Wednesday, October 29, 2014

The frustration and joy of untranslatability



If you want to read a good book about Being, read Prose of the World by the French philosopher Maurice Merleau-Ponty. For him Being can only be understood as the “expression” of something, whether it’s meaning expressed in language or physical things expressed in our perceptual experience. Things are never things “in themselves” regardless of me looking at them or thinking about them. Not because the world is my invention, but because a “thing” always, always implies some kind of “access” to this thing. Whether you want it or not: being is always expression of being.

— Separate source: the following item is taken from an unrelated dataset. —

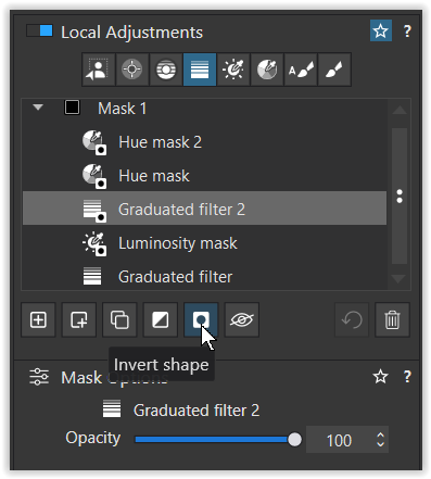 So the Invert Shape is just to protect/remove, which is under that name in Control Point or Control line… Why to name differently the same thing? Moreover why Graduated filter doesn’t have “protect/remove” button?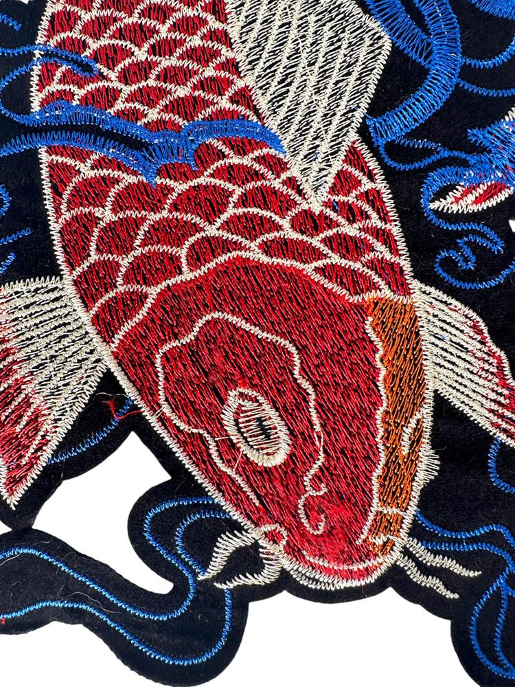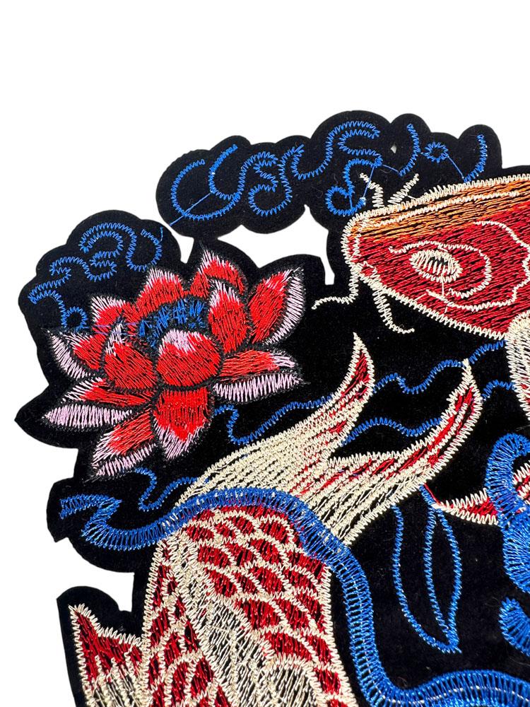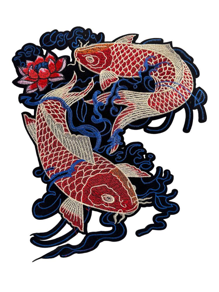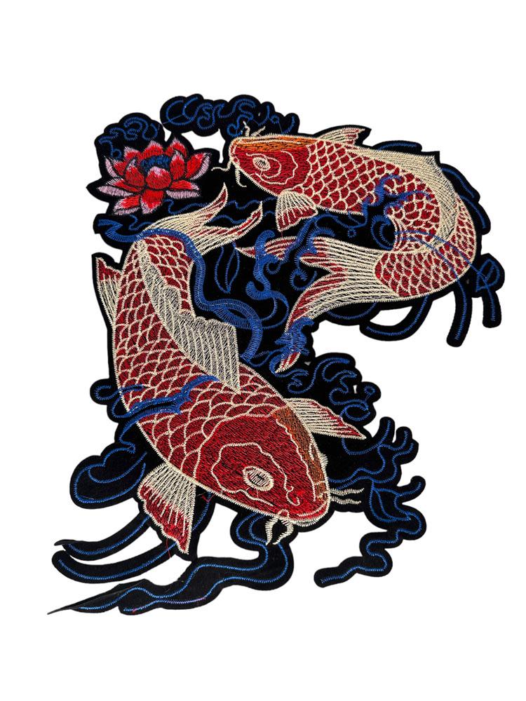Embroidered Patch Featuring Two Red Koi Fish in Yin-Yang Formation with Lotus

Expression here must not be seen as the “presentation” of a fully transparent meaning. Because just like the things we perceive in the perceptible world, even the meaning of words is never fully expressed. The tree I see can never be totally present to me because there are always a visual perspective and the “thickness” of the perceptual experience that make a total picture of the object impossible. The same goes for the meaning of words, which can never be fully captured even if you think you can. Let me show you this with an example.

You can jump from one language to another but those who speak several languages know that there’s always something you lose on the way, something you just can’t translate. For example I can get frustrated over the fact that in English and in Dutch you cannot take “du recul” and you cannot “assumer” a decision. Of course there are ways to express this by saying respectively that you take “distance” from the situation and that you “take responsibility” for a decision. But when you speak both English and French you will understand me exactly and vividly when I say that these solutions don’t quite cover the meaning of the original expressions in French.

This untranslatability is due to the fact that meaning is not something purely intellectual that a language points at. Meaning is rather something that sticks to the very “body” of the words as you read or pronounce them. That’s why I cannot fully translate the French expressions "prendre du recul" and "assumer une décision": to convey their meaning I have to perform the expressive act of pronouncing the French words “je prends du recul” and “j’assume!”. 

This probably also explains why I like these expressions so much: they make me literally feel “richer” linguistically speaking. They give me access to a meaning – to an expressive engagement with other French speakers I must say –that I can’t even access in my native language. That’s quite an experience: it feels like you’re able to taste totally new tastes your tong couldn’t taste before. My challenge is to accept that this new French taste can be tasted only with the French tong and not with the Dutch or English ones. Did I ever speak about frustration by the way?